15.    1)     Misc. Hccc application 27/2005

a)     Zahir Sheikh …………       1st applicant

b)     William Egbe ……….. 2nd applicant  v Republic

Subject

Bail pending arrest (section 84 Constitution) fundamental rights

Position:

The matter is spent and marked as settled.

15,2,   Mis. application 179/05 OS

William Egbe v Republic

Subject

Arrest of  William Egbe

Conservatory order

That order 3 issued on 3. 2.05, the  arrest indictment detention and criminal prosecution of the applicant or the institution or any criminal  proceeding arising out of a complaint (now spent) to the police, the criminal investigation department by Patrick Thuo Gitangu or arising from the subject matter of the Nairobi High Court Civil case no.506/04 be and is hereby stayed until the hearing and determination of Nairobi High Court Civil Case No.506/04.

15. 3.     The conservatory order made  in

HCC Misc. Application 1029/05

Coca-Cola East and Central Africa Ltd

i)           Ephraim Maragwa

ii)          Kenneth Onyango

iii)         Zahir Sheikh

Ex parte applicant

Republic of Kenya

Chief Magistrate Court

Central registry

Patrick Gitangu Thuo

Beatrice Wambui Thuo

(Interested Parties)

and specifically order of 6 July 2005

Order;-

“That the arrest, indictment detention and criminal prosecution of the applications on the institution of any criminal proceeding arising out of a complaint to the police and or Criminal Investigation Department by Patrick Thuo Gitangu and or Beatrice Thuo or arising from the subject matter of Civil  Proceeding in Nairobi High Court Civil Case No.506/2004 be and is hereby stayed pending the hearing and determination of Hccc 506/04.

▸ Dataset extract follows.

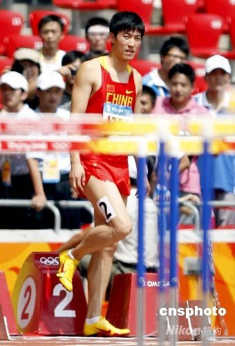 8月18日上午,在北京奧運(yùn)男子110米欄第1輪第6組比賽中,中國選手劉翔因腿傷遺憾退出比賽。中新社發(fā) 盛佳鵬 攝

15. 4.   The investigation, if any into

i)           The complaint made by Coca Cola East and Central Africa Ltd against Patrick Thuo Gitanga on 6 May 2004 regarding alleged fraud and or theft by servant be and is hereby suspended pending the hearing and determination of Hccc 506/2004.

ii)          The complaint by Coca-Cola East and Central African Ltd against the Kenya Police and which is subject matter of a letter dated 22 February 05 from the Kenya Anti Corruption Commission Ref. KACC/INV 6/22/22/1/VOL III (43) folio 399 in Misc. Application 1029/05 Coca Cola East Africa and Central Africa Ltd & Other  and

Republic,

Chief Magistrate

To the Director of Public Prosecution on allegations of corruption by the Kenya Police may be investigated by the Anti-corruption Commission.”

16.    What this consent really says is that the plaintiff and his wife (who is not party to these proceeding) are withdrawing all their complaints previously made against the defendant/respondents.  They leave only this present complaint.  The defendants/respondent on the other hand are not withdrawing their complaints.  They instead agree to stay any proceeding filed to safe guard themselves until the determination of this current suit.

17.    The six cases concerns, I believe criminal changes against the defendants in the Chief Magistrate Courts.  It seems a nolle proseque (CM Case 162/05,196/05) was issued against these cases.  The plaintiffs attempted a private prosecution thereby forcing the defendants to seek for bail pending appeal protection orders from the High Court.  Other orders were by way of complaints of attempted murder (Cr. Appl.6/2005) by the plaintiff and complaints  to the CID by his wife (21. 6.05). This necessitated constitution reference being filed to protect the defendants.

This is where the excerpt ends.